I would imagine that the paraphrasing wouldn't be necessary in this case because it isn't quite as useful to compare two encrypted versions of the text versus an encrypted version and an unencrypted version (also I feel like there is some risk of a game of 'telephone' in that the meaning would change bit by bit to the point of having a different meaning over time, even if not intentionally)

eszed 8 days ago | parent [-]

No. As explained in the SO answer, the worry is that the enemy will have been able to decrypt one or the other of your messages, at which point the identical underlying plaintext will help them crack the second cypher.

jameshart 8 days ago | parent [-]

‘Crack the cipher’ in this case most likely meaning: figure out the daily code word key you are using for that cipher.
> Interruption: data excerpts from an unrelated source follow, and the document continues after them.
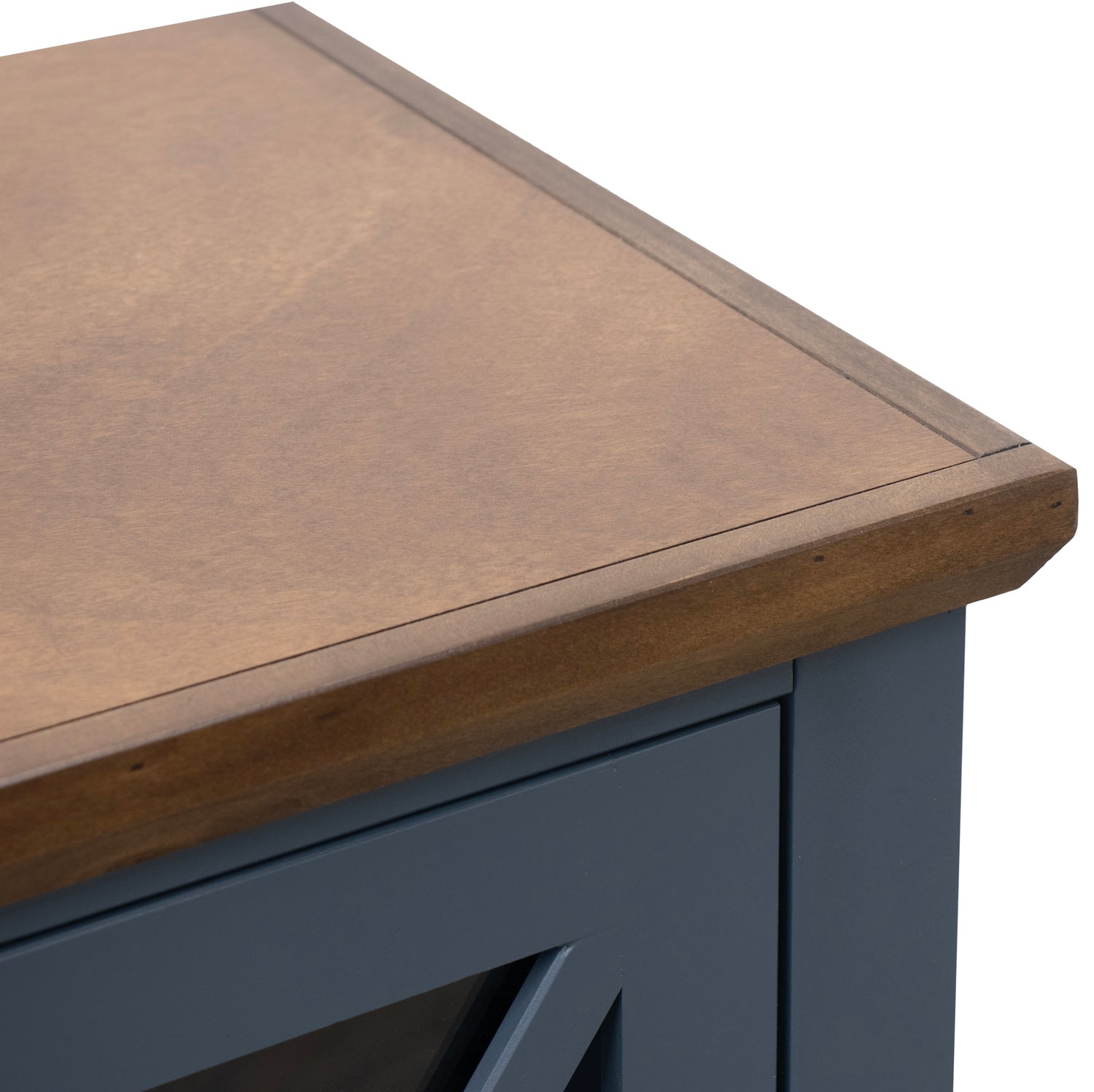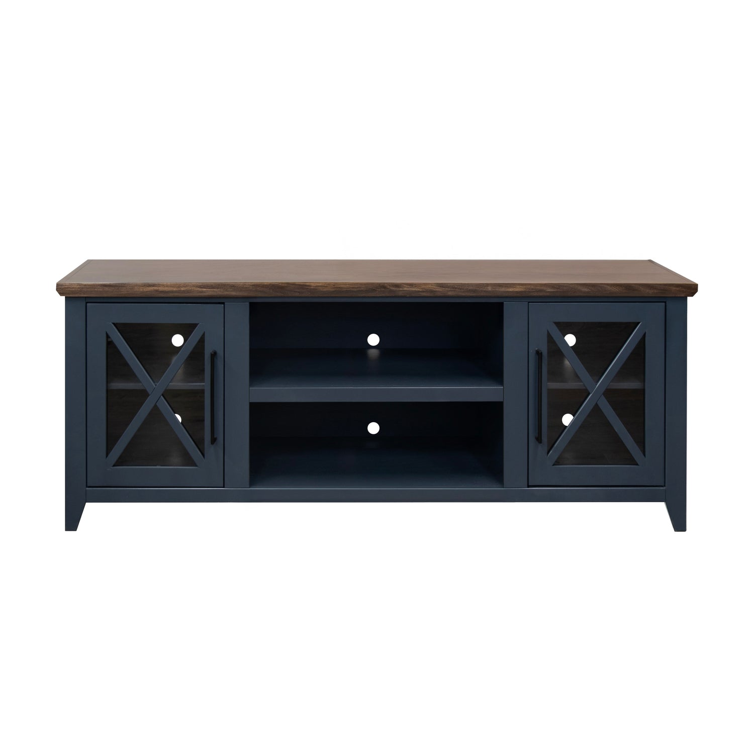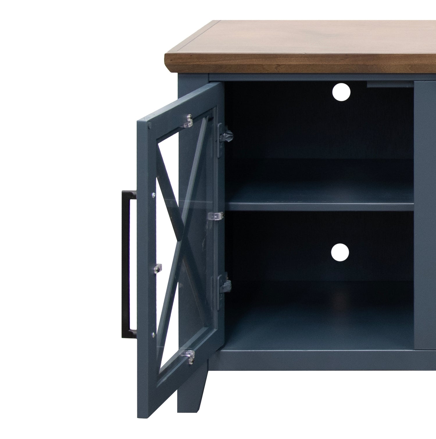 Ithaca 66 inch TV Stand Console, For TVs up to 80 inches, No Assembly Required, Blue and Bourbon Finish
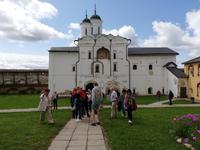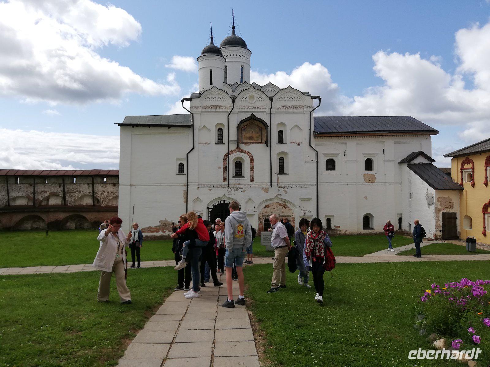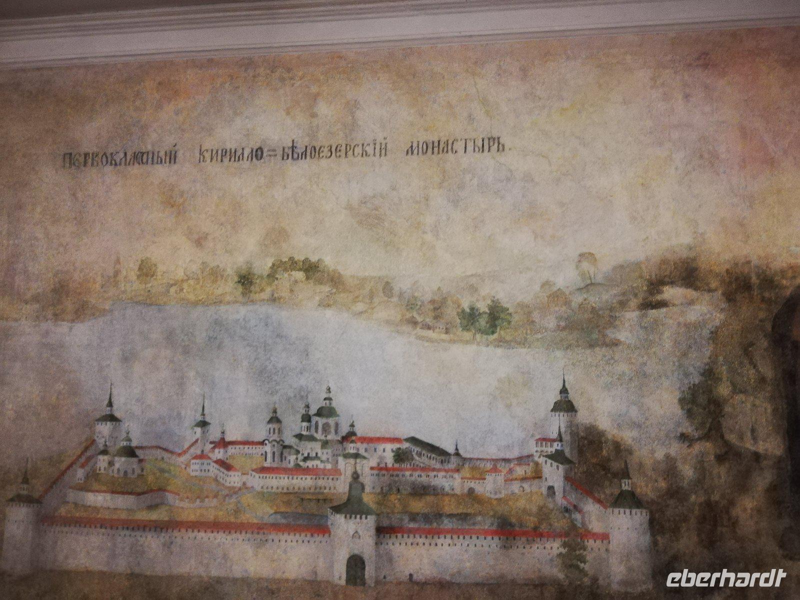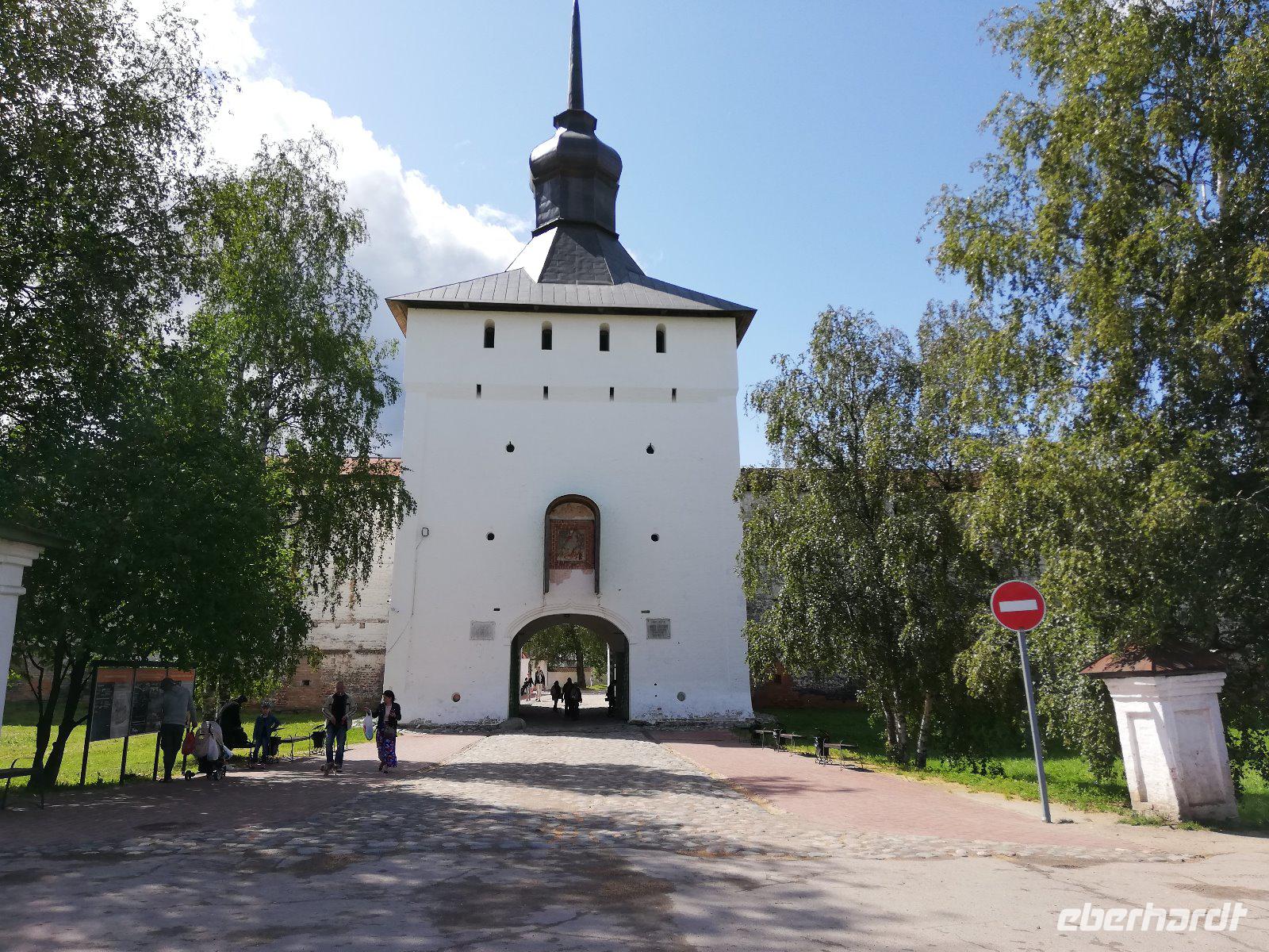 Nach dieser Stunde begrüßten wir Ludmilla, die mit uns in das 7 km entfernte Kloster bei Gorizy fuhr und uns durch das Kirillo-Beloserski-Kloster führte. Beeindruckend ist dieses Kloster, das 1397 gegründet wurde. Als Gründer zählt der Mönch Kirill, der auf einen Berg ein göttlichen Zeichen erhalten hat, wohin er ein Kloster bauen sollte. In den folgenden Jahrhunderten wurde das Kloster erweitert und war für seine Ikonenmalerei aber auch Stickereien bekannt. 1924 wurde das Kloster in ein Museum umgewandelt und seit 1998 wird das Kloster wieder von Mönchen bewohnt und schrittweise renoviert.
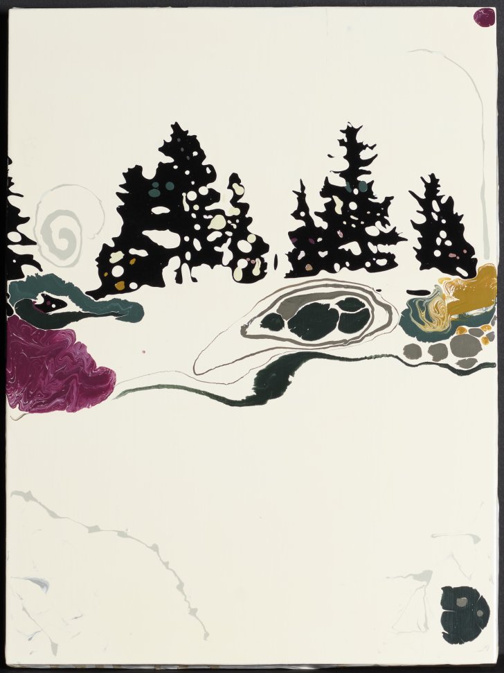 Clare Woods (British, born 1972). Angel Cap 2, 2004. Enamel on wood panel, 15 7/8 x 11 7/8 inches (40.3 x 30.2 cm). Collection Albright-Knox Art Gallery, Buffalo, New York; Gift of Deborah Ronnen, 2020 (2020:2.1).
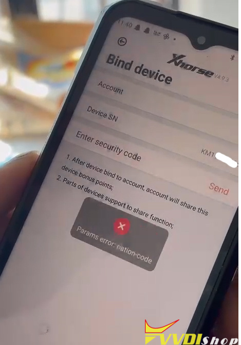 Tried to bind Xhorse Dolphin XP005L key cutting machine with Xhorse App. But App displayed a Params error: nation-code. How to fix it?
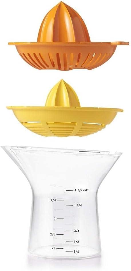 The OXO Good Grips Small Citrus Juicer is the ideal size for measuring citrus juice for cooking and baking. The Juicer is a 2. 5 ounce cup with convenient measuring markings and features a unique reamer design for easy and efficient juicing. The Reamer dish fits securely onto the cup for stability while juicing. The Juicer features a drip-free spout and disassemble for cleaning.

If they have already gained the ability to decrypt today’s messages from station A in cipher A, and can therefore recover the plaintext of those messages; if they then find a message of the same length sent from station B in cipher B they can guess that that might be the same message, reverse engineer the key and maybe then decrypt all the messages being sent from station B in cipher B today.

maxbond 8 days ago | parent [-]

Bletchley Park employed linguists alongside cryptographers, and the linguists would help permute the messages (substituting German words for common abbreviations, for example) to mount these sorts of attacks.